Paul: Yeah, I think you are going to drive marketers to drink here.
Matt: No, this is not… I don’t know what is meant to be but I think ideally this is inspirational. I know I’m approaching it a little differently but this is a huge opportunity for marketers, for salespeople, for business leaders to transform not just how marketing is perceived but how marketing acts and what marketing delivers into the business. And again, this is not something that’s necessarily going to change overnight but is absolutely something that is a huge opportunity for marketers. I feel like I’ve been on my soapbox today Paul.
Paul: You have been, wow! I am shook up here a little bit. I’ve got to go rethink. I agree with everything you say though, I have to say that and I think those organizations that don’t recognize this, this isn’t something that you should aspire to do, I think this is something you have to do or you expire. I think it’s that kind of… I think it’s that kind of… This speaks to a whole core of whether you continue in business or not here.
Matt: I agree with you.
Paul: This is existential, that is the word I was looking for here.
Matt: The message here was meant to be entirely positive and the idea that you can sort of make progress on this into 2017 is well within the realm of possibility an application for anybody.
Paul: I am going to give you a thought starter for another conversation here which I will just plant here. Is this something that you have to cram down their throat? Or is this something that once they get it marketers will say hey, this not only makes my job easier, this makes me more money or makes me a better employee or makes me a more valued member of the team or something. In other words, is there an upside to this that we are not pointing out something or is this something you have to force upon people whether they like it or not?
Matt: If you force it on people is probably not going to work very well.
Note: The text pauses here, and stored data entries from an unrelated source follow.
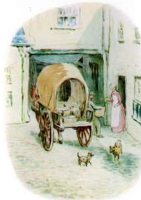
Page 6 of 28

At last the cart stopped at a house, where the hamper was taken out, carried in, and set down. The cook gave the carrier sixpence; the back door banged, and the cart rumbled away. But there was no quiet; there seemed to be hundreds of carts passing. Dogs barked; boys whistled in the street; the cook laughed, the parlour maid ran up and down-stairs; and a canary sang like a steam engine.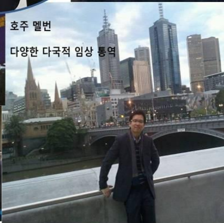
호주 멜번 다양한 다국적 임상 통역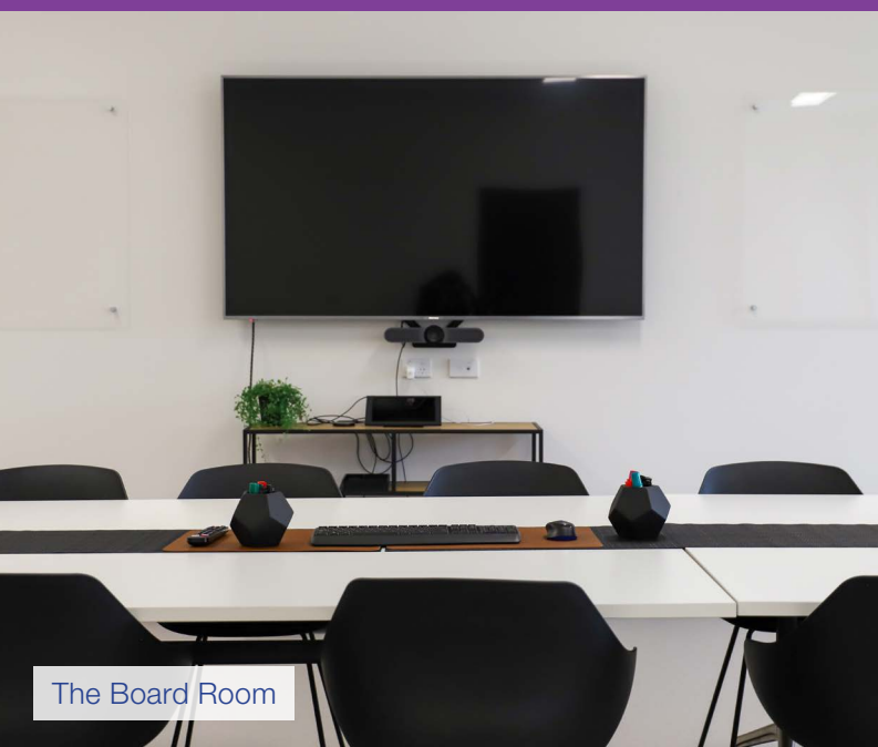
The Board Room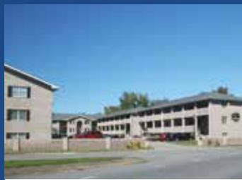
J. R. Smith Enterprises 304-525-3055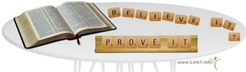
Read Acts 26:20 in several versions of the Bible.

R "...and [then] to the Gentiles, that they should REPENT and turn to God, and DO WORKS meet* for REPENTANCE." —Acts 26:20 [KJV] * Strong's definition of the KJV word, "meet," is this: "Weighing, having weight; with a genitive having the weight of (weighing as much as) another thing, of like value, worth as much."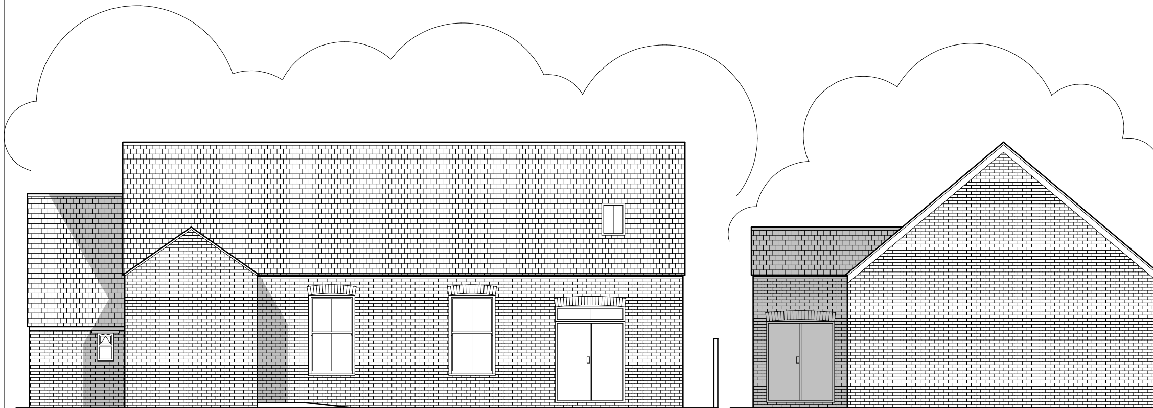
Front Elevation to Blacker Hill.

IT IS THE RESPONSIBILITY OF THE OWNER/CLIENT TO SERVE A NOTICE ON THE ADJOINING OR ADJACENT NEIGHBOURS FOR THE PROPOSED WORKS UNDER THE PARTY WALL ACT 1996: EXPLANATORY BOOKLETS CAN BE OBTAINED FREE OF CHARGE FROM THE ODPM FREE LITERATURE, PO BOX 236, WEST YORKSHIRE, LS23. 7NB. TELEPHONE 0870-120-7405 E-mail: odpm@twoten.press.net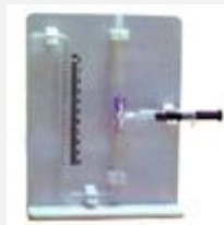
Model: ES60100 Name: Potometer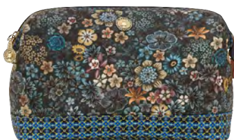
NEW | 51.274.234 Cooper Cosmetic Purse Large 26x12x18 cm Tutti i Fiori Blue 60% Polyester - 40% PVC Compartment: 1 - Pockets: 3 - Ltr: 4 1/24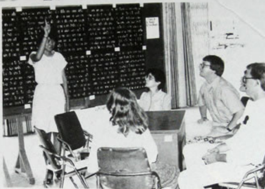
" Let's begin with the basics. The sky is up there ... "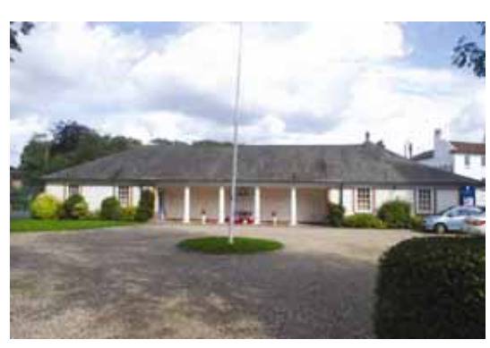
Gerrards Cross, Buckinghamshire (WM9718) © Paul Stamper, 2015

As Roger Bowdler, Director of Listing at Historic England, said when the outcome of the review was announced in November: "Lutyens was a key figure in determining how the dead and missing should be commemorated. His designs are admired for the universality of their message. His pure architectural forms are mute symbols of grief, the simple inscriptions weighted with sorrow. These are enduring memorials, which show the power of classical architecture to convey meaning and dignity."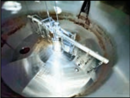
MASH TANK – INTERIOR VIEW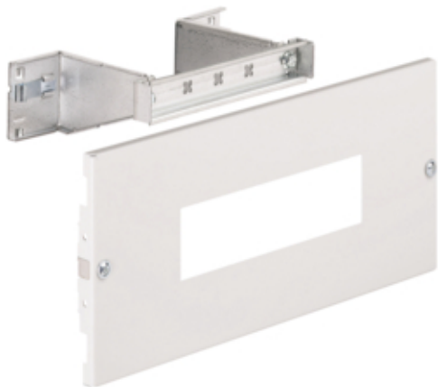
MCB kit, quadro.system, 150x350 mm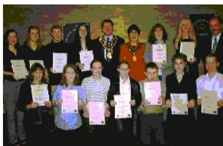
Bronze D.o.E. winners meet the Mayor & Mayoress

The Duke of Edinburgh Award Scheme continues to grow in popularity. A total of 20 pupils were presented with their Bronze Award during this year's Annual Presentation Evening. A County presentation evening was held on 24th November in the Princess Royal Theatre.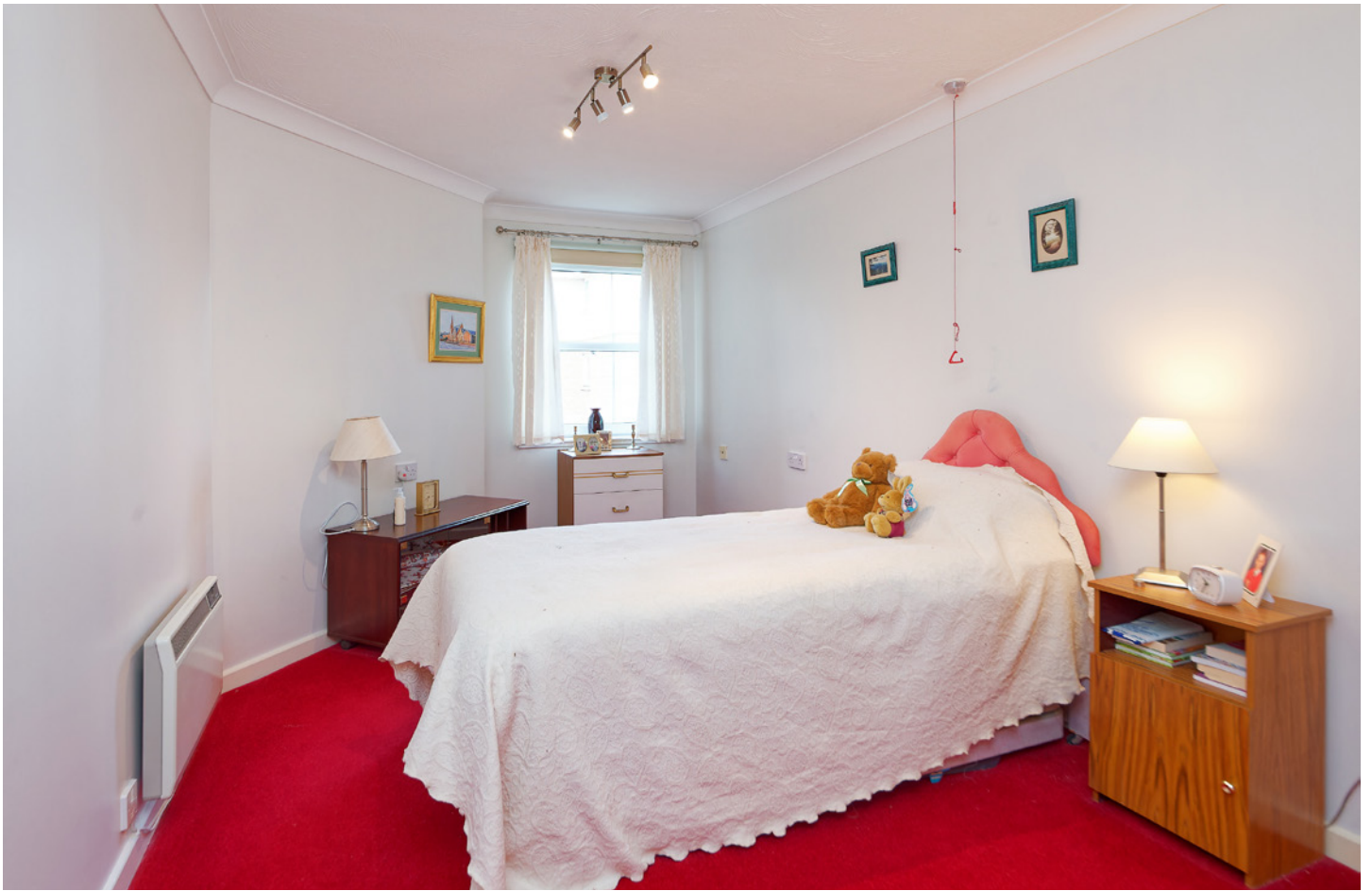
The two double bedrooms are a great size, with ample space for free-standing furniture, lots of natural light and built-in storage.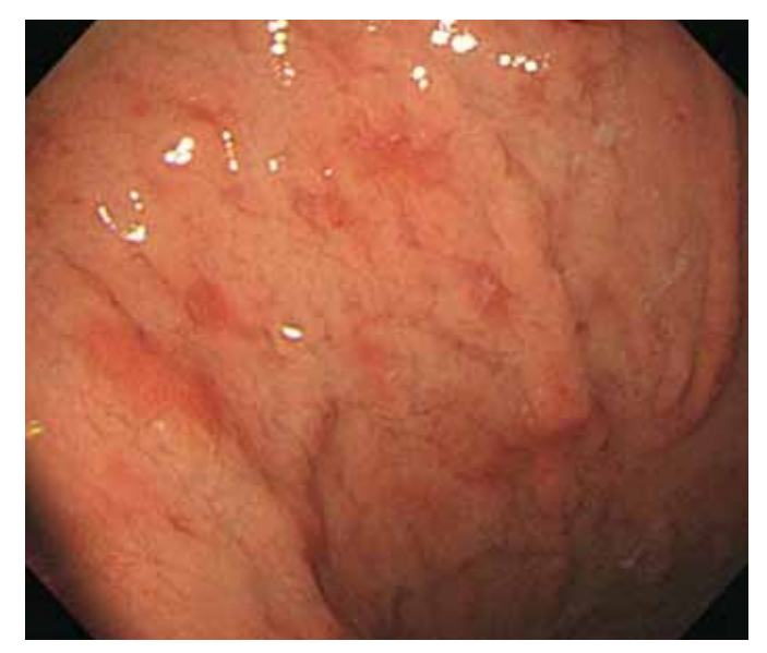
Figure 4. After 3 years of follow-up, an upper endoscopic examination revealed an improved state of the mucosal lesion.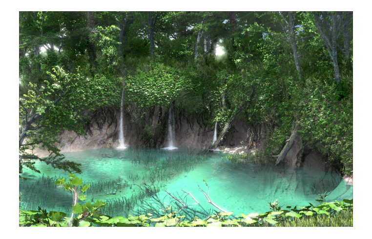
Figure 2.1: SpeedTree Cinema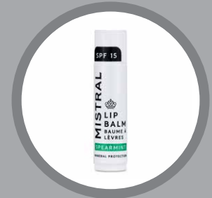
SPF LIP BALM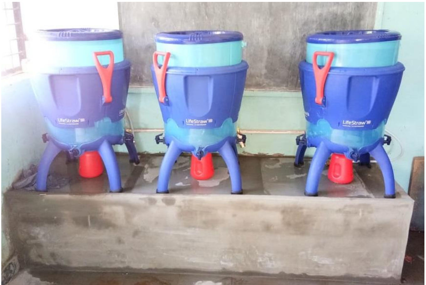
Photograph 1: Life Straw Water Filters in the schools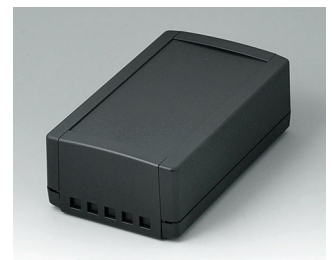
B1070469 TOPTEC 194 H, Vers. II ABS (UL 94 HB) black RAL 9005 194x115x68mm IP 40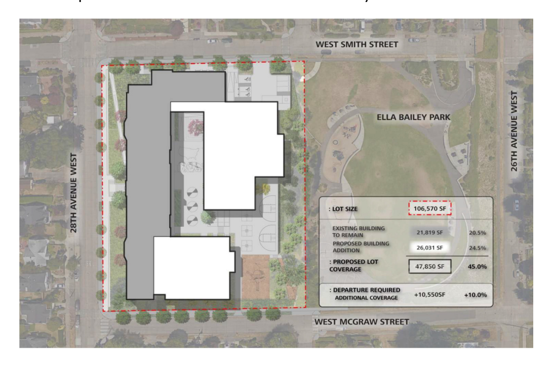
Exhibit 3 Proposed Lot Coverage

For new public school construction on new public school sites the maximum lot coverage permitted for all structures is 45 percent of the lot area for one story structures or 35 percent of the lot area if any structure or portion of a structure has more than one story.

I think it’s easy for me to look at this stuff and see it’s common sense but maybe that’s because I’m on the other side of the mountain.
Paul: Right.
Matt: I think that there a lot of people may look at this and say this is a long… This is a long path to climb, this is a difficult… This is going to be a difficult road to home but I don’t think marketers have a choice if they want to remain competitive and relevant to modern B2B organizations.
I think this is the most amazing time I’ve ever seen to be a B2B marketer. Your ability to embrace this makes you such a critical part of the organization.
Paul: Well, we are going to give Matt Heinz a chance to retort and continue this conversation on our next episode but unfortunately we’ve run out of time here so thanks for listening to Sales Pipeline Radio!